TASK INSTRUCTIONS. Would you print every entry below exactly as written, omitting the images?
** STORED DATA follows **
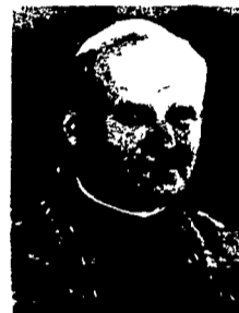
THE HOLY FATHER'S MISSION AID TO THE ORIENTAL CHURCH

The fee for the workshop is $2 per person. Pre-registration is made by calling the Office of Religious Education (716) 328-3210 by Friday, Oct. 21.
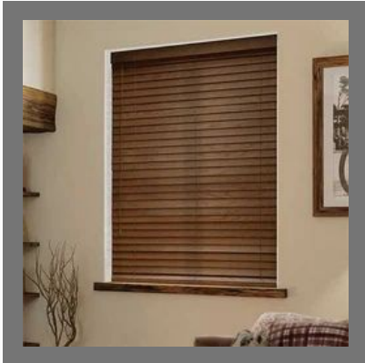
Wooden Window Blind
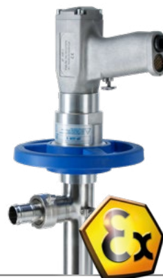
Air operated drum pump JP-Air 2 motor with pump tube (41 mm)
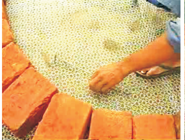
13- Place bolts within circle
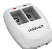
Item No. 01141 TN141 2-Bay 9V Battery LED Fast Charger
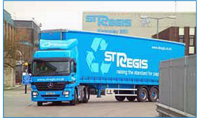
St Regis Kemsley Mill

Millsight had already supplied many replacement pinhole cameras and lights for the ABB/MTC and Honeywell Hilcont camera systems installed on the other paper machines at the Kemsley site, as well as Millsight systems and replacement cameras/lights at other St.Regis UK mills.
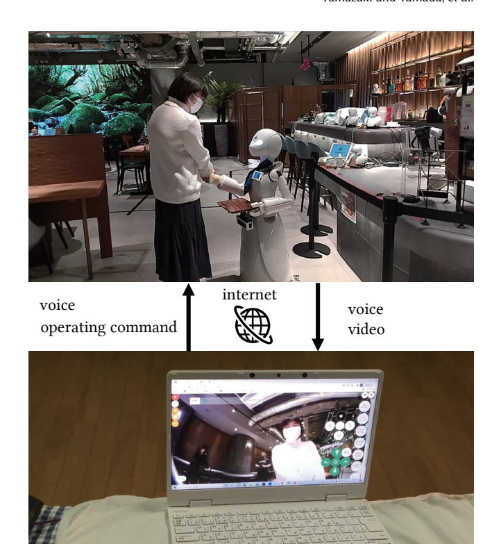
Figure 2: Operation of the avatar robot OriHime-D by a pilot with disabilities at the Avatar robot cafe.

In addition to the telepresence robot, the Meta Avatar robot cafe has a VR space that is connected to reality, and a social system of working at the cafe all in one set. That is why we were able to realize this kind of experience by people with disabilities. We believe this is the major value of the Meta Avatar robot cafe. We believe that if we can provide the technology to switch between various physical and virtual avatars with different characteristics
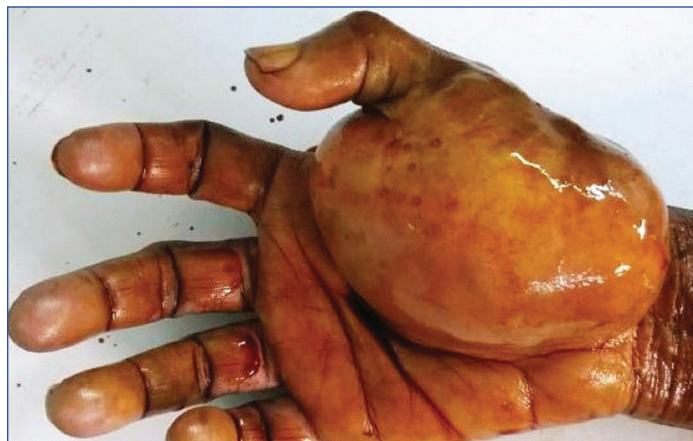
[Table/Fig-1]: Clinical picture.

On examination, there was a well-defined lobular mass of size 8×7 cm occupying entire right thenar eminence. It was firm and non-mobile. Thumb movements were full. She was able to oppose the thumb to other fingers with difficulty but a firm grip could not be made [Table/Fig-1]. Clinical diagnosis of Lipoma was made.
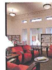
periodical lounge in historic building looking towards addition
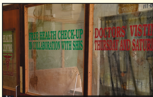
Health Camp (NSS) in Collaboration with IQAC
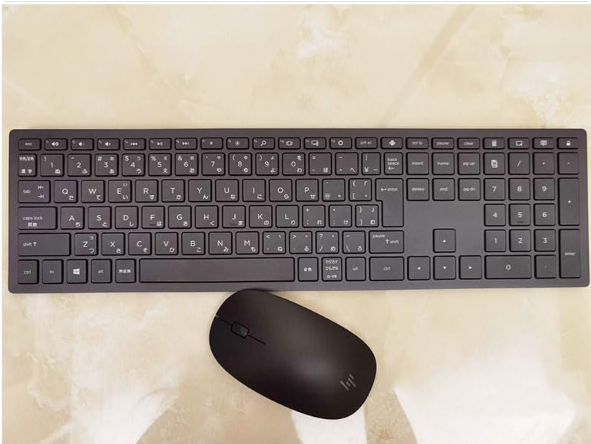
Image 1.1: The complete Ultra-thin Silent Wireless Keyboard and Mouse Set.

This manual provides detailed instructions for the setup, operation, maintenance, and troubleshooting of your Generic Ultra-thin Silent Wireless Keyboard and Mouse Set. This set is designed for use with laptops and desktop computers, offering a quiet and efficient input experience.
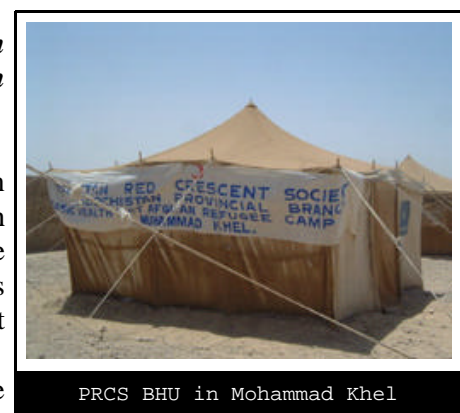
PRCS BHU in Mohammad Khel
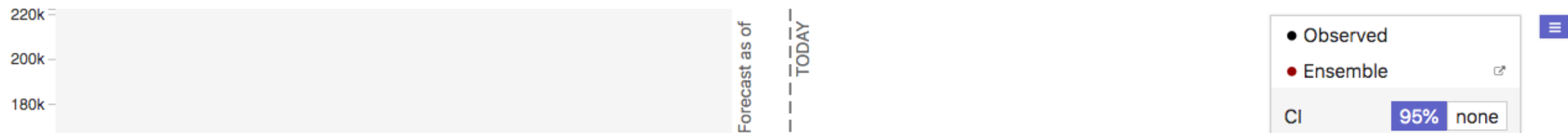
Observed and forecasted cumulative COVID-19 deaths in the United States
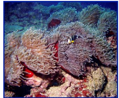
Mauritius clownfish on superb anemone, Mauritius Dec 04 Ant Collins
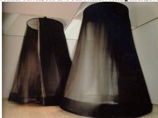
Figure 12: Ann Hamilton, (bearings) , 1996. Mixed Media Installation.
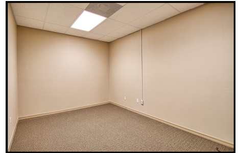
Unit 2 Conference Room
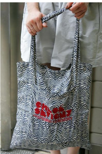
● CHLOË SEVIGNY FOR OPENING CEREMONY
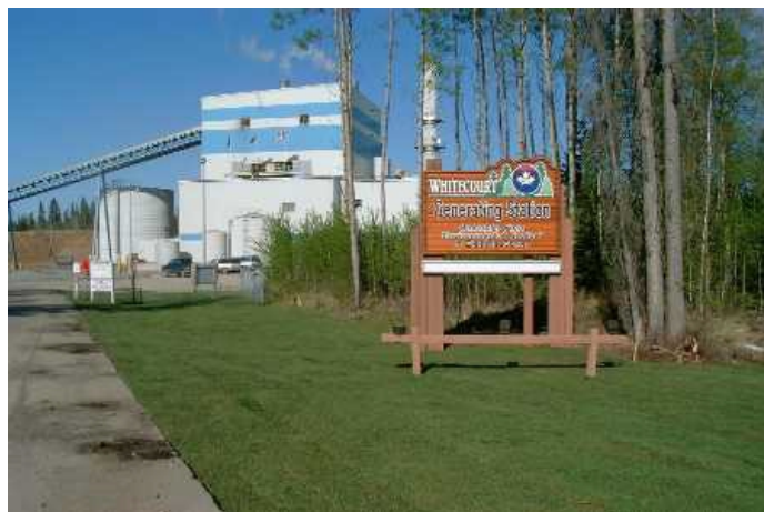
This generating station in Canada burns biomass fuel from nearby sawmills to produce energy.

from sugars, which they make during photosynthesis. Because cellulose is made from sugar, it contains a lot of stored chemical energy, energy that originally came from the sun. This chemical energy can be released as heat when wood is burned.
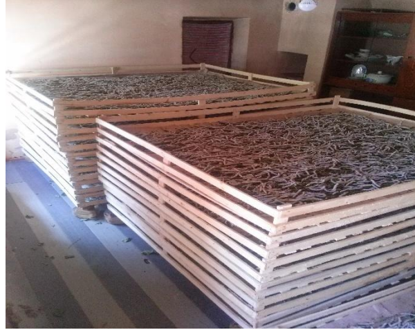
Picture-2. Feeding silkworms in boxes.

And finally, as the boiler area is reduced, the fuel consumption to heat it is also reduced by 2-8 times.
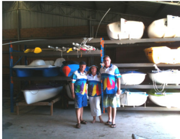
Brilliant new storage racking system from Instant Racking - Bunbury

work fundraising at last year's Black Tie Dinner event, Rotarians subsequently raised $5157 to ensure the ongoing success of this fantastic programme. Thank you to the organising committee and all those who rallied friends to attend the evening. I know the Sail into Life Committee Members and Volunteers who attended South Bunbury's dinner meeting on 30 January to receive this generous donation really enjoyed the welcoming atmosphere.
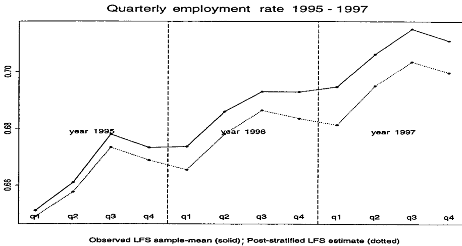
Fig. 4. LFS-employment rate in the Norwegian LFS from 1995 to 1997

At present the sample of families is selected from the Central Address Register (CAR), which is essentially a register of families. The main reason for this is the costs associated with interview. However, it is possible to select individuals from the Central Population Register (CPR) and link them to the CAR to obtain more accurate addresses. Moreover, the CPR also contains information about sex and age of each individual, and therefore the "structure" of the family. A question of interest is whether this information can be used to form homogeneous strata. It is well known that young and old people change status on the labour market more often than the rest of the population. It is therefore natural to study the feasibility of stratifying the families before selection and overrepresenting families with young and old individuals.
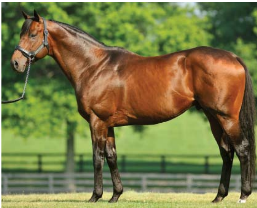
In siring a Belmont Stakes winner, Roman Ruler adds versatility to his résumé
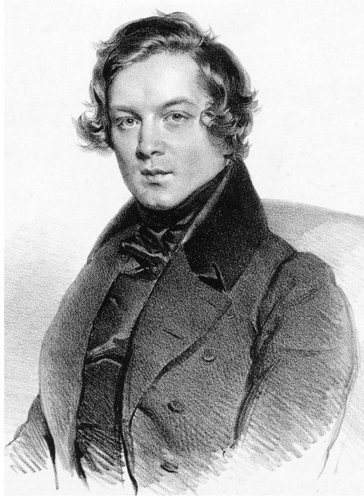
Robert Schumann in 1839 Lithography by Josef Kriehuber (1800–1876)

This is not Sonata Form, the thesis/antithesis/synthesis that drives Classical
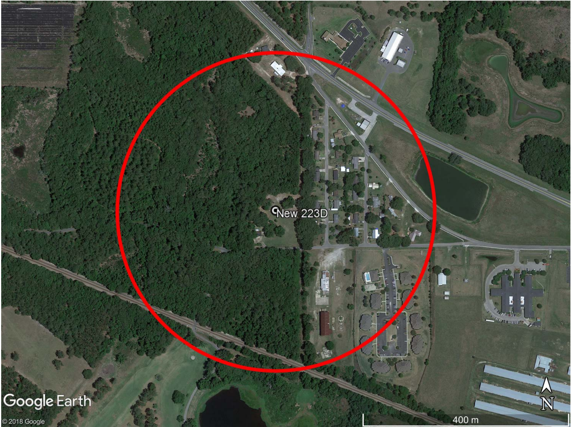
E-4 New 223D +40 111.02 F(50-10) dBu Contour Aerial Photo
** End of STORED DATA **
RESULT.
THE HOLY FATHER'S MISSION AID TO THE ORIENTAL CHURCH

The fee for the workshop is $2 per person. Pre-registration is made by calling the Office of Religious Education (716) 328-3210 by Friday, Oct. 21.
Wooden Window Blind
Air operated drum pump JP-Air 2 motor with pump tube (41 mm)
13- Place bolts within circle
Item No. 01141 TN141 2-Bay 9V Battery LED Fast Charger
St Regis Kemsley Mill

Millsight had already supplied many replacement pinhole cameras and lights for the ABB/MTC and Honeywell Hilcont camera systems installed on the other paper machines at the Kemsley site, as well as Millsight systems and replacement cameras/lights at other St.Regis UK mills.
Figure 2: Operation of the avatar robot OriHime-D by a pilot with disabilities at the Avatar robot cafe.

In addition to the telepresence robot, the Meta Avatar robot cafe has a VR space that is connected to reality, and a social system of working at the cafe all in one set. That is why we were able to realize this kind of experience by people with disabilities. We believe this is the major value of the Meta Avatar robot cafe. We believe that if we can provide the technology to switch between various physical and virtual avatars with different characteristics
[Table/Fig-1]: Clinical picture.

On examination, there was a well-defined lobular mass of size 8×7 cm occupying entire right thenar eminence. It was firm and non-mobile. Thumb movements were full. She was able to oppose the thumb to other fingers with difficulty but a firm grip could not be made [Table/Fig-1]. Clinical diagnosis of Lipoma was made.
periodical lounge in historic building looking towards addition
Health Camp (NSS) in Collaboration with IQAC
Image 1.1: The complete Ultra-thin Silent Wireless Keyboard and Mouse Set.

This manual provides detailed instructions for the setup, operation, maintenance, and troubleshooting of your Generic Ultra-thin Silent Wireless Keyboard and Mouse Set. This set is designed for use with laptops and desktop computers, offering a quiet and efficient input experience.
PRCS BHU in Mohammad Khel
Observed and forecasted cumulative COVID-19 deaths in the United States
Mauritius clownfish on superb anemone, Mauritius Dec 04 Ant Collins
Figure 12: Ann Hamilton, (bearings) , 1996. Mixed Media Installation.
Unit 2 Conference Room
● CHLOË SEVIGNY FOR OPENING CEREMONY
This generating station in Canada burns biomass fuel from nearby sawmills to produce energy.

from sugars, which they make during photosynthesis. Because cellulose is made from sugar, it contains a lot of stored chemical energy, energy that originally came from the sun. This chemical energy can be released as heat when wood is burned.
Picture-2. Feeding silkworms in boxes.

And finally, as the boiler area is reduced, the fuel consumption to heat it is also reduced by 2-8 times.
Brilliant new storage racking system from Instant Racking - Bunbury

work fundraising at last year's Black Tie Dinner event, Rotarians subsequently raised $5157 to ensure the ongoing success of this fantastic programme. Thank you to the organising committee and all those who rallied friends to attend the evening. I know the Sail into Life Committee Members and Volunteers who attended South Bunbury's dinner meeting on 30 January to receive this generous donation really enjoyed the welcoming atmosphere.
Fig. 4. LFS-employment rate in the Norwegian LFS from 1995 to 1997

At present the sample of families is selected from the Central Address Register (CAR), which is essentially a register of families. The main reason for this is the costs associated with interview. However, it is possible to select individuals from the Central Population Register (CPR) and link them to the CAR to obtain more accurate addresses. Moreover, the CPR also contains information about sex and age of each individual, and therefore the "structure" of the family. A question of interest is whether this information can be used to form homogeneous strata. It is well known that young and old people change status on the labour market more often than the rest of the population. It is therefore natural to study the feasibility of stratifying the families before selection and overrepresenting families with young and old individuals.
In siring a Belmont Stakes winner, Roman Ruler adds versatility to his résumé
Robert Schumann in 1839 Lithography by Josef Kriehuber (1800–1876)

This is not Sonata Form, the thesis/antithesis/synthesis that drives Classical
E-4 New 223D +40 111.02 F(50-10) dBu Contour Aerial Photo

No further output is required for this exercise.